>>
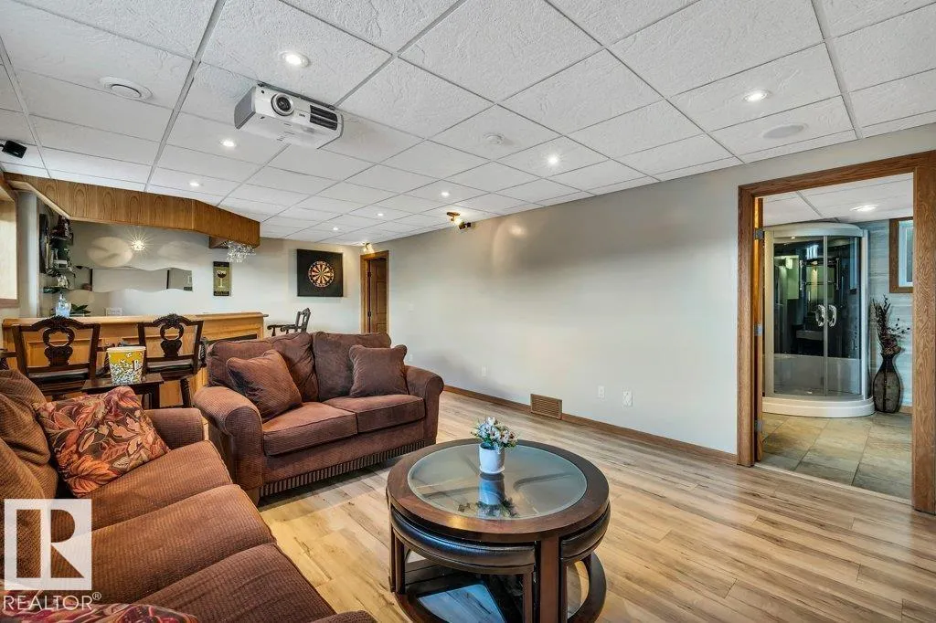 Welcome to this beautiful 1257 sq ft bi-level with an above-garage primary space! Vaulted ceilings and an open-concept design create a bright, spacious main floor. The inviting living room with fireplace flows seamlessly into the kitchen and dining area, perfect for everyday living and entertaining, with direct access to the rear deck for BBQs, soaking in the hot tub or morning coffee. A convenient laundry area is just off the garage entry. Main floor is complete with a bedroom and full 4-pce bath. Upstairs, the private primary retreat offers generous closet space and a 4-pce ensuite. The fully finished basement is light-filled and functional, featuring a rec room with wet bar, an additional bedroom, 3-pce bath w/ steam shower & heated floor as well as excellent, innovative storage. Outside, enjoy an oversized lot with RV parking and still more room for guest parking. Full access gate to workshop shed w/ power in addition to a tiered deck, gazebo, hot tub, patio âan exceptional property ready to impress. (id:27476)
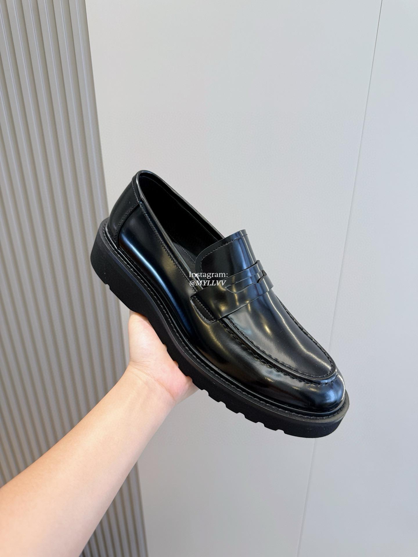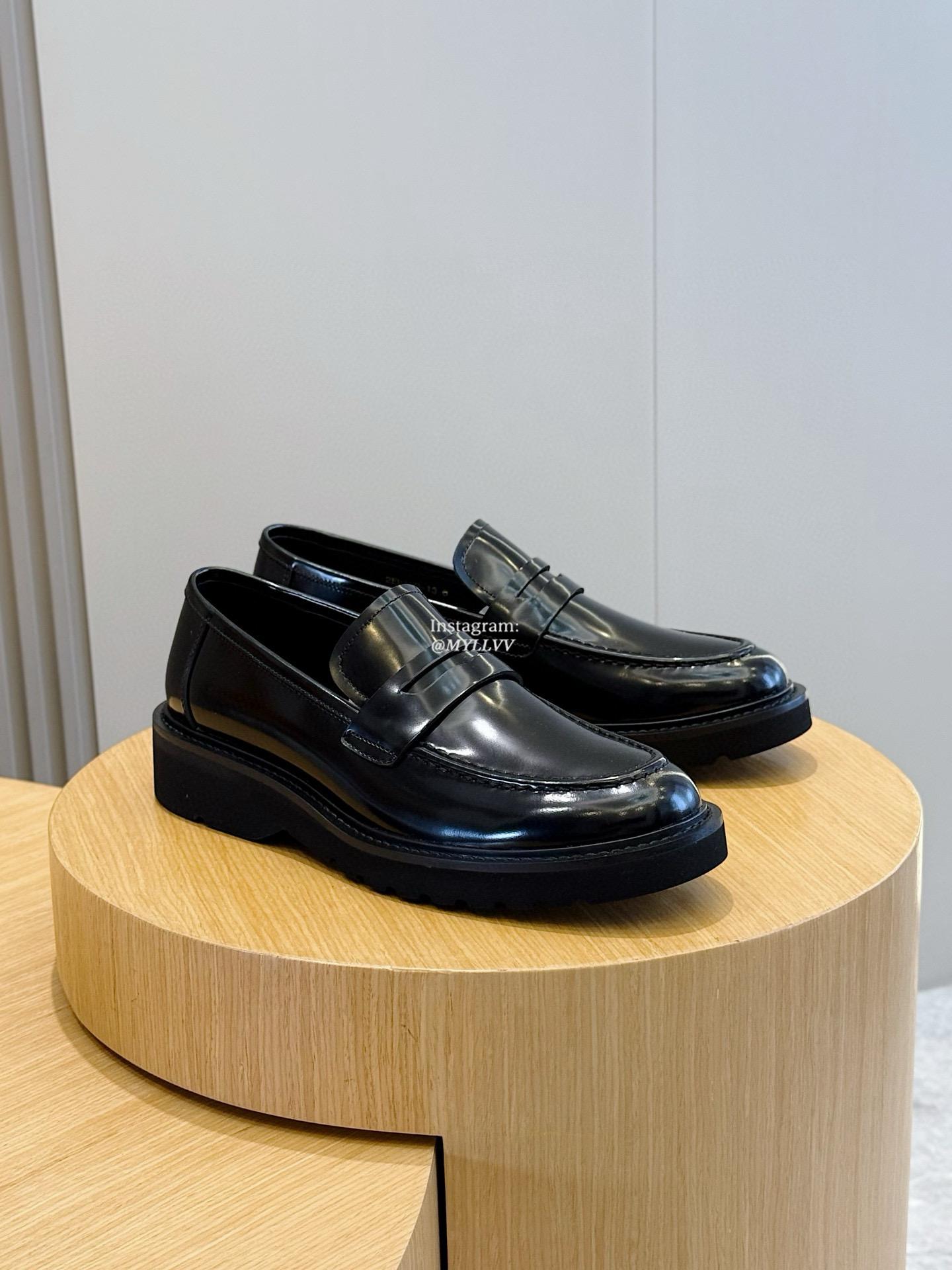 Prada Men’s Triangular Metal Logo Leather Derby Shoes
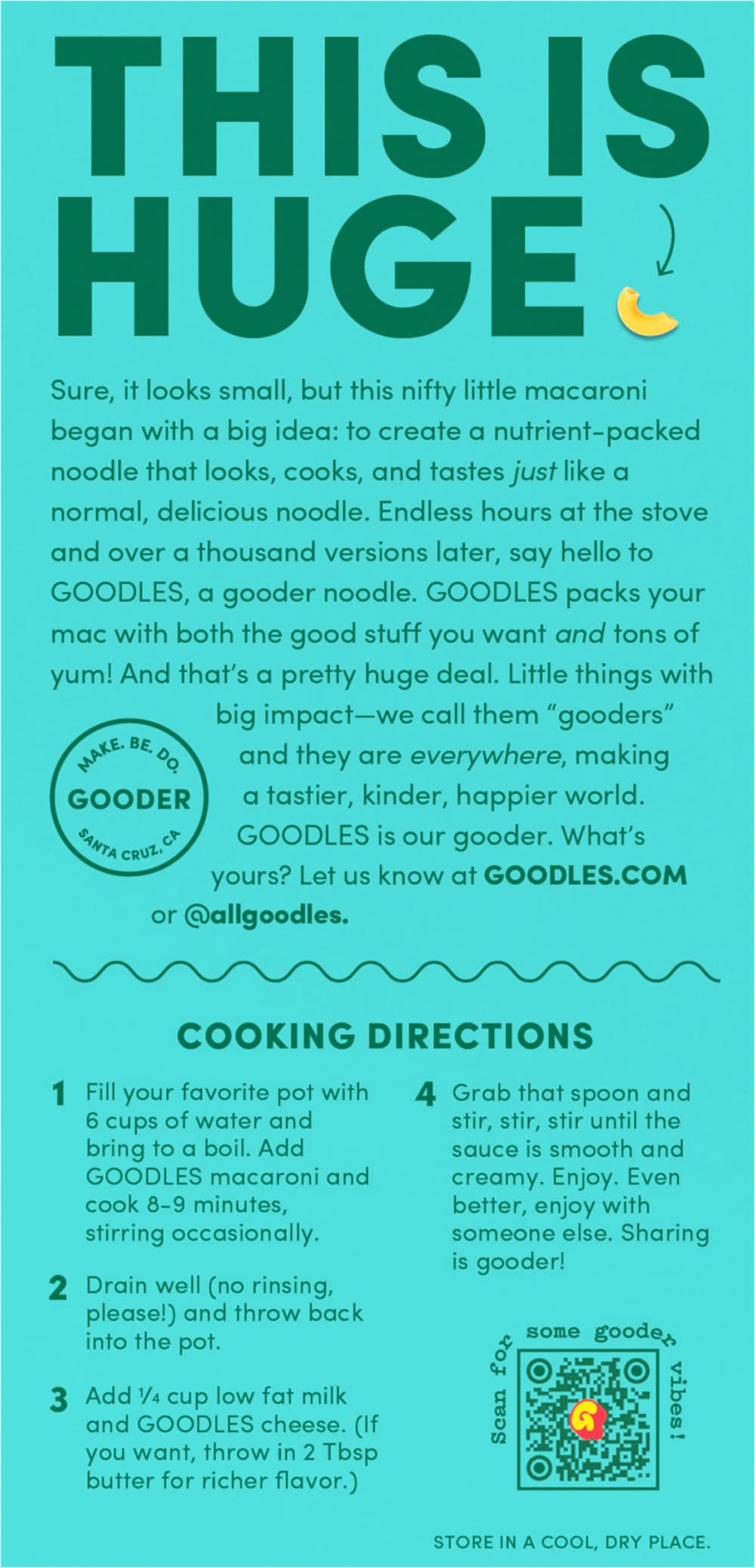 Creamy cheddar and macaroni. Noodles, gooder. This is huge. Sure, it looks small, but this nifty little macaroni began with a big idea: to create a nutrient-packed noodle that looks, cooks, and tastes just like a normal, delicious noodle. Endless hours at the stove and over a thousand versions later, say hello to Goodles, a gooder noodle. Goodles packs your mac with both the good stuff you want and tons of yum. And that's a pretty huge deal. Little things with big impact - we call them gooders and they are everywhere, making a tastier, kinder, happier world. Goodles is our gooder. Unbelievably delicious; Community love. Scan for some gooder vibes. Purity Award: Clean label project. Please recycle for a gooder planet. • Flavor: Creamy cheddar & macaroni • Gooder Foods Inc., 415 River St Suite A, Santa Cruz, CA 95060 • Packaging: Reusable
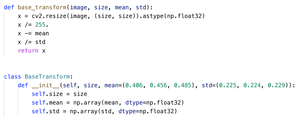 HzPreprocess节点中的计算公式为:norm_data = (data -mean)*scale,以yolov3为例,其训练时的预处理代码为:
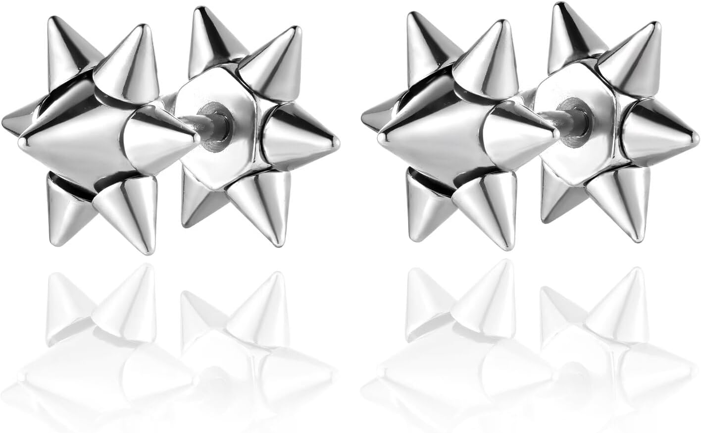 Hipster Spike Star Screw Stud Earrings for Men, Mens Punk Rock Emo Earrings Stainless Steel with Screw Back
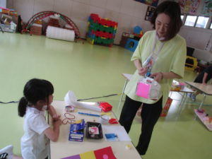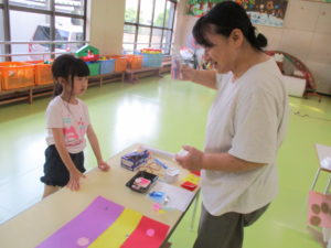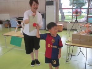 子どもたちの力作を先生方が遊んだり、買い物したりしてくれました。
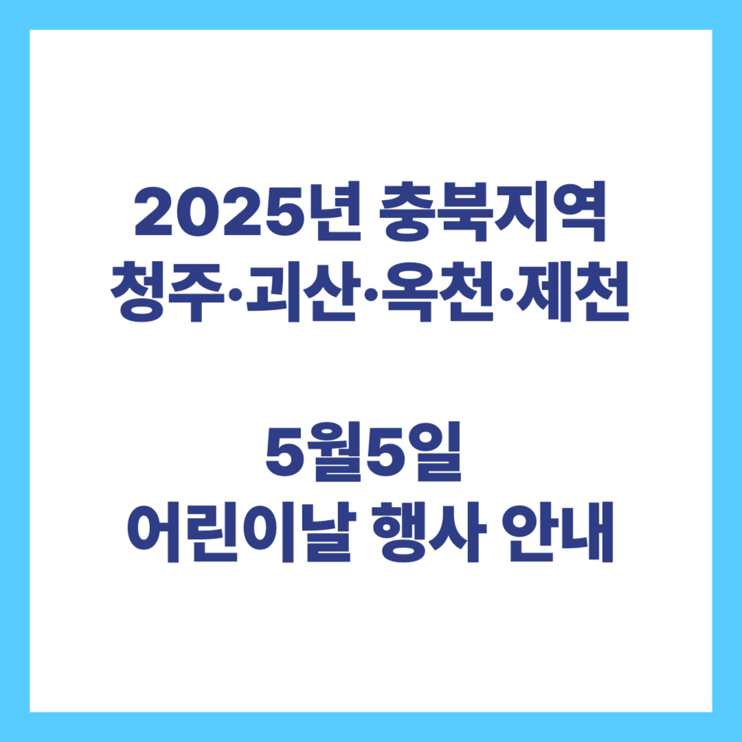 2025년 5월 5일 어린이날에 충청북도 청주시, 괴산군, 옥천군, 제천시에서 어린이날 행사가 열립니다.
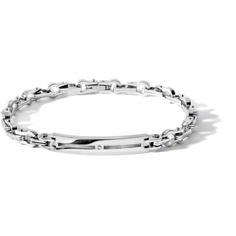 Bracciale in acciaio di Comete Gioielli, referenza UBR578. Il bracciale è fatto a catena con la piastrina centrale, nel centro della piastra c'è incassato un diamante naturale della caratura di 0,05Ct.
<<
Work to complete :: Write the lines from the one with "Hipster Spike Star" through the last line of the entries out again exactly, both ends included, and skip the pictures.

Task output ::
 Hipster Spike Star Screw Stud Earrings for Men, Mens Punk Rock Emo Earrings Stainless Steel with Screw Back
 子どもたちの力作を先生方が遊んだり、買い物したりしてくれました。
 2025년 5월 5일 어린이날에 충청북도 청주시, 괴산군, 옥천군, 제천시에서 어린이날 행사가 열립니다.
 Bracciale in acciaio di Comete Gioielli, referenza UBR578. Il bracciale è fatto a catena con la piastrina centrale, nel centro della piastra c'è incassato un diamante naturale della caratura di 0,05Ct.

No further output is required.